> **Data to examine**
______________________________

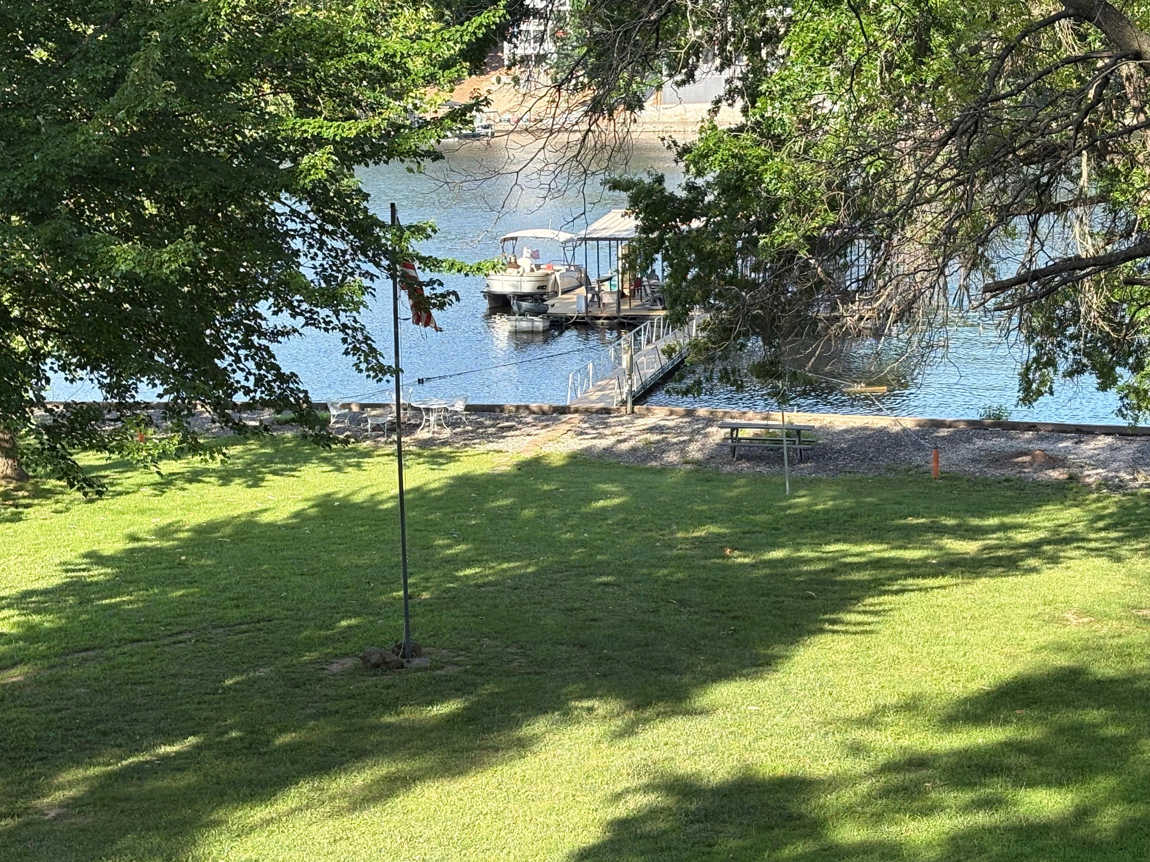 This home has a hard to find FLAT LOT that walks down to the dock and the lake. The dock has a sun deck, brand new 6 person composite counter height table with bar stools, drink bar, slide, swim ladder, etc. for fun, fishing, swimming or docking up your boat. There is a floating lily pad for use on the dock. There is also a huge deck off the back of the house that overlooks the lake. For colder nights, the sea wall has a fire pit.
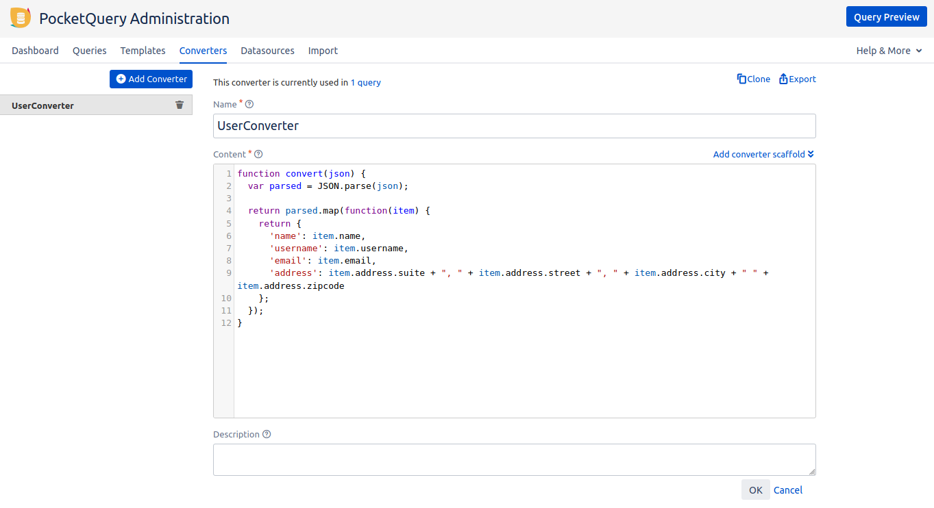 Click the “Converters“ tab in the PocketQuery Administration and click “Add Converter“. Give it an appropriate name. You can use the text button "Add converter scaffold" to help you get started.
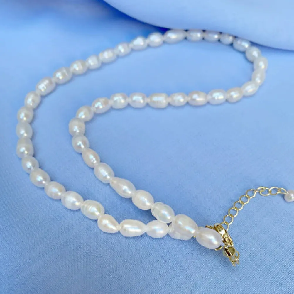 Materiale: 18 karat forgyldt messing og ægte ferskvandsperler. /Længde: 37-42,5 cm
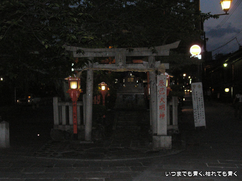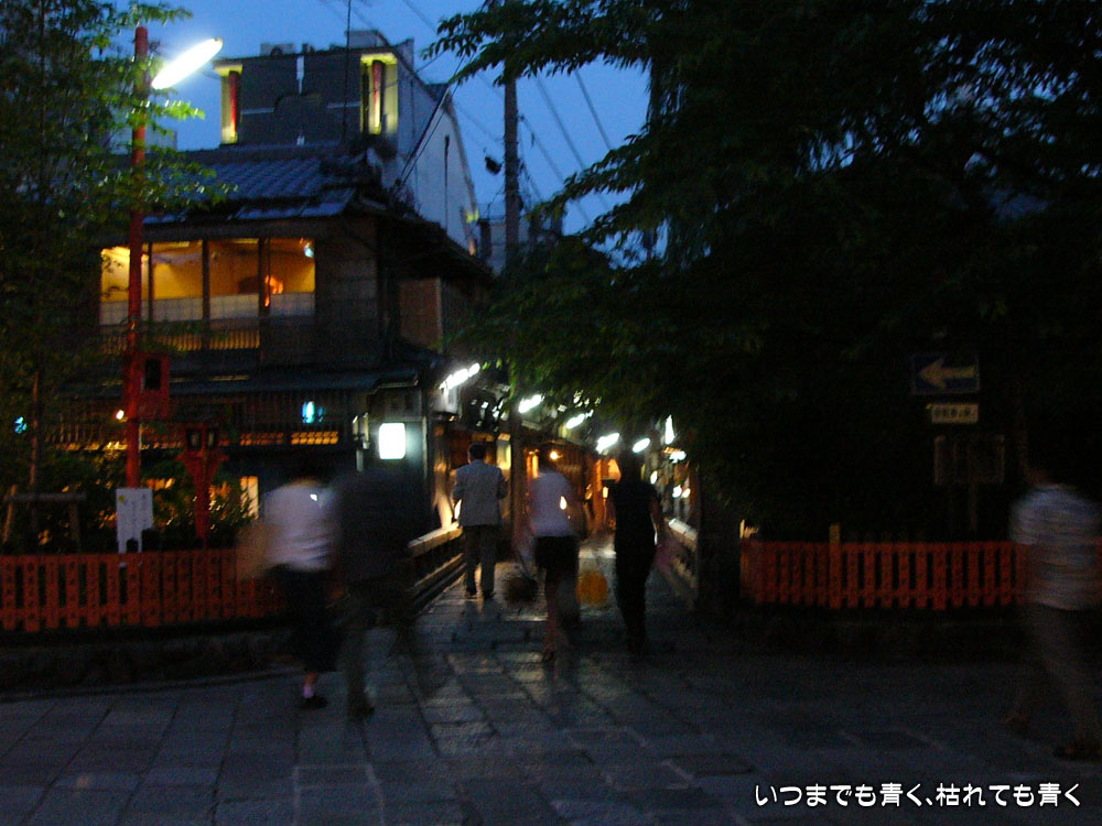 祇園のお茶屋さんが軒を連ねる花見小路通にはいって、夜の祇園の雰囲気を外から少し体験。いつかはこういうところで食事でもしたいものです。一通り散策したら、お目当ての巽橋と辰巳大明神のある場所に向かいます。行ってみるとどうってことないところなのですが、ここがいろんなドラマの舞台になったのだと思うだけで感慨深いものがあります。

______________________________

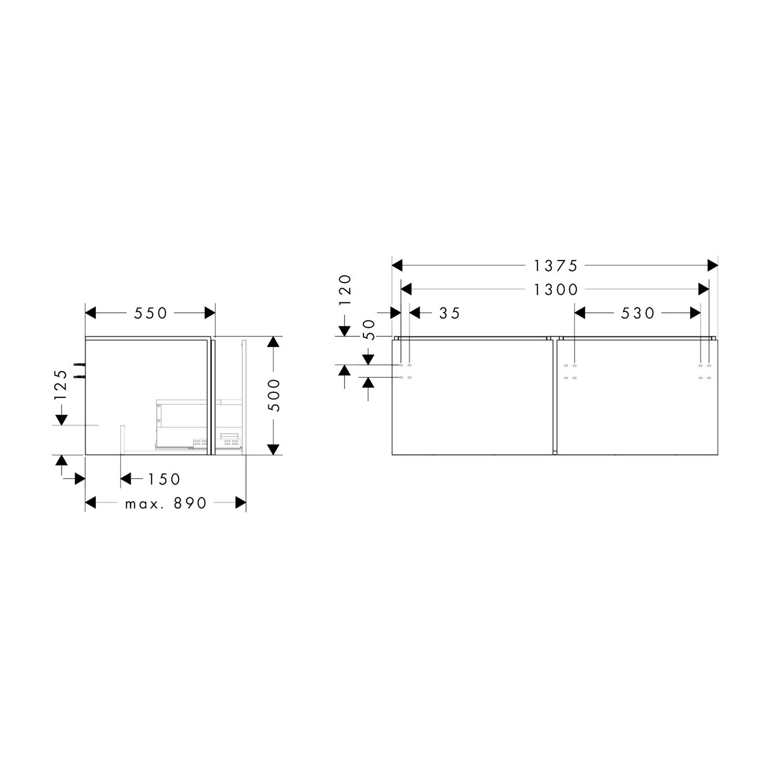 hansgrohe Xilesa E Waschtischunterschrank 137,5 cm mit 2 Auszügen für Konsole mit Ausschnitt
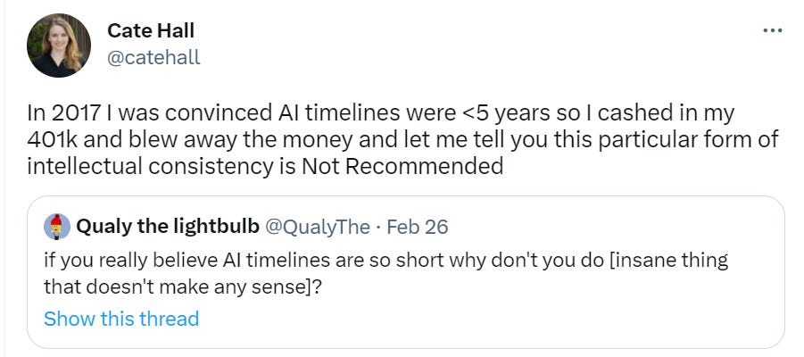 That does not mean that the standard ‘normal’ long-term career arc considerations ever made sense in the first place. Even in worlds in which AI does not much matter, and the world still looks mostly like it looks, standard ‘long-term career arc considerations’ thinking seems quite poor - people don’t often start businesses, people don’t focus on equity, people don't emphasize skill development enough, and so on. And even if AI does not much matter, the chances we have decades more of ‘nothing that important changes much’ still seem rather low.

______________________________

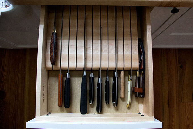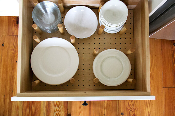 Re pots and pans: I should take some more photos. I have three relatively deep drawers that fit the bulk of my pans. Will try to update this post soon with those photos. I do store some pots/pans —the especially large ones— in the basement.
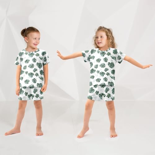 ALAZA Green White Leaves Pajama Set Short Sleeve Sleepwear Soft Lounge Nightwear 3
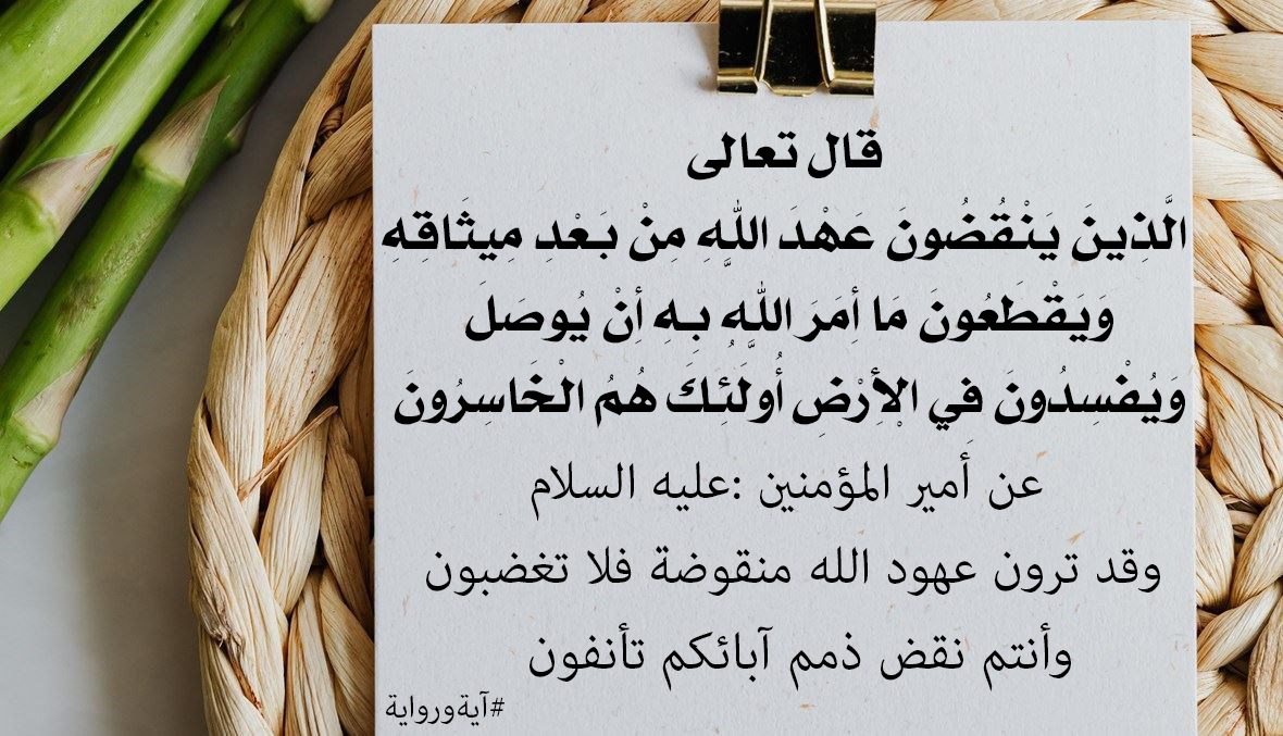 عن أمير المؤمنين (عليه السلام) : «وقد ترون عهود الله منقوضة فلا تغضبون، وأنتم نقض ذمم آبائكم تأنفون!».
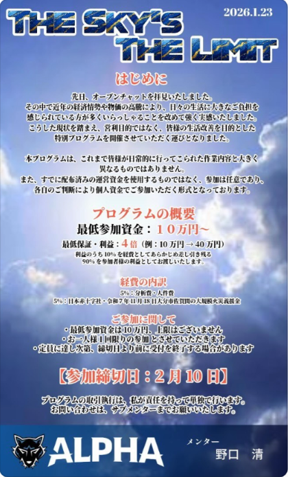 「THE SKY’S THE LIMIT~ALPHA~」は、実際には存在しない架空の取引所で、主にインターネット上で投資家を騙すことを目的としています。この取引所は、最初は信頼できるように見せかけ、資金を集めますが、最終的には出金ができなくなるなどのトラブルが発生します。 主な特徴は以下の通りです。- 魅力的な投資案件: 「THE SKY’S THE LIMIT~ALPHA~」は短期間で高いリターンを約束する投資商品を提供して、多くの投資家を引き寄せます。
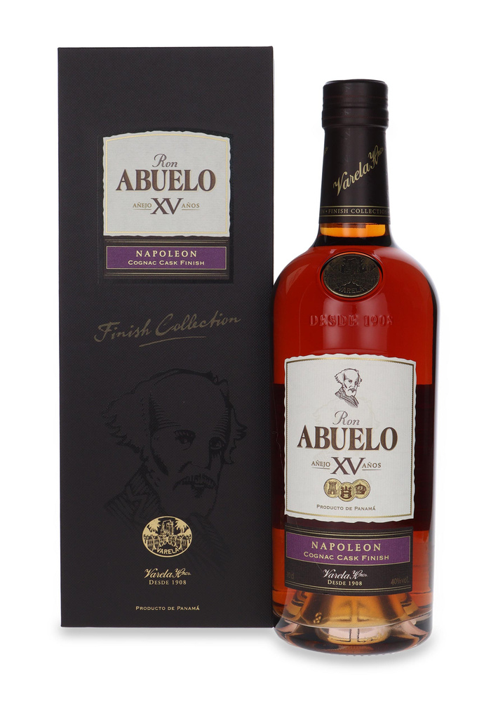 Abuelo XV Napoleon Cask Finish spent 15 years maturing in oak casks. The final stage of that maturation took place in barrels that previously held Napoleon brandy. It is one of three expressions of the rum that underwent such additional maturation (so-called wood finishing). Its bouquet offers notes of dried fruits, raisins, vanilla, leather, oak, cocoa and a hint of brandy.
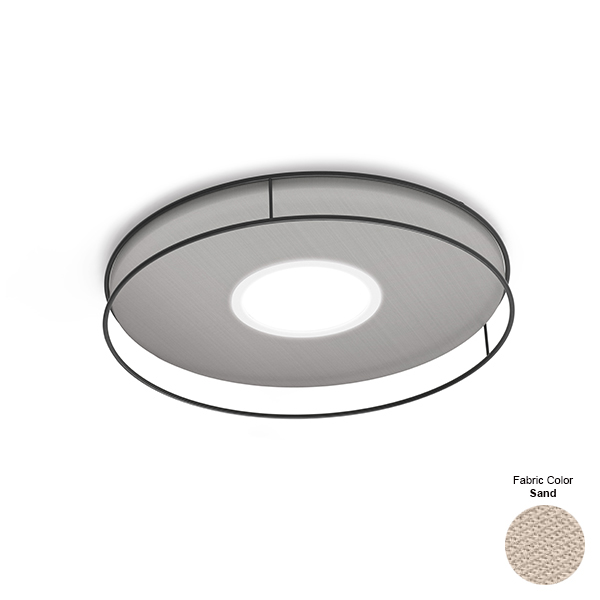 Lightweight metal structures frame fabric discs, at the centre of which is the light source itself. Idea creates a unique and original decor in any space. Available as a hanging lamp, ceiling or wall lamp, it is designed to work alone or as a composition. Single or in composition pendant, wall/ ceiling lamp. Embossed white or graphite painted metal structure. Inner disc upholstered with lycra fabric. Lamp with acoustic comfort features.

______________________________

> **Task**
The response must repeat exactly the lines above from the one with "SKY’S THE LIMIT~ALPHA~」は短期間で高いリターンを約束する投資商品を提供して、多くの投資家を引き寄せます。" through the one with "Lightweight metal structures", including both, and must contain no pictures and no other text.

> **Task response**
 「THE SKY’S THE LIMIT~ALPHA~」は、実際には存在しない架空の取引所で、主にインターネット上で投資家を騙すことを目的としています。この取引所は、最初は信頼できるように見せかけ、資金を集めますが、最終的には出金ができなくなるなどのトラブルが発生します。 主な特徴は以下の通りです。- 魅力的な投資案件: 「THE SKY’S THE LIMIT~ALPHA~」は短期間で高いリターンを約束する投資商品を提供して、多くの投資家を引き寄せます。
 Abuelo XV Napoleon Cask Finish spent 15 years maturing in oak casks. The final stage of that maturation took place in barrels that previously held Napoleon brandy. It is one of three expressions of the rum that underwent such additional maturation (so-called wood finishing). Its bouquet offers notes of dried fruits, raisins, vanilla, leather, oak, cocoa and a hint of brandy.
 Lightweight metal structures frame fabric discs, at the centre of which is the light source itself. Idea creates a unique and original decor in any space. Available as a hanging lamp, ceiling or wall lamp, it is designed to work alone or as a composition. Single or in composition pendant, wall/ ceiling lamp. Embossed white or graphite painted metal structure. Inner disc upholstered with lycra fabric. Lamp with acoustic comfort features.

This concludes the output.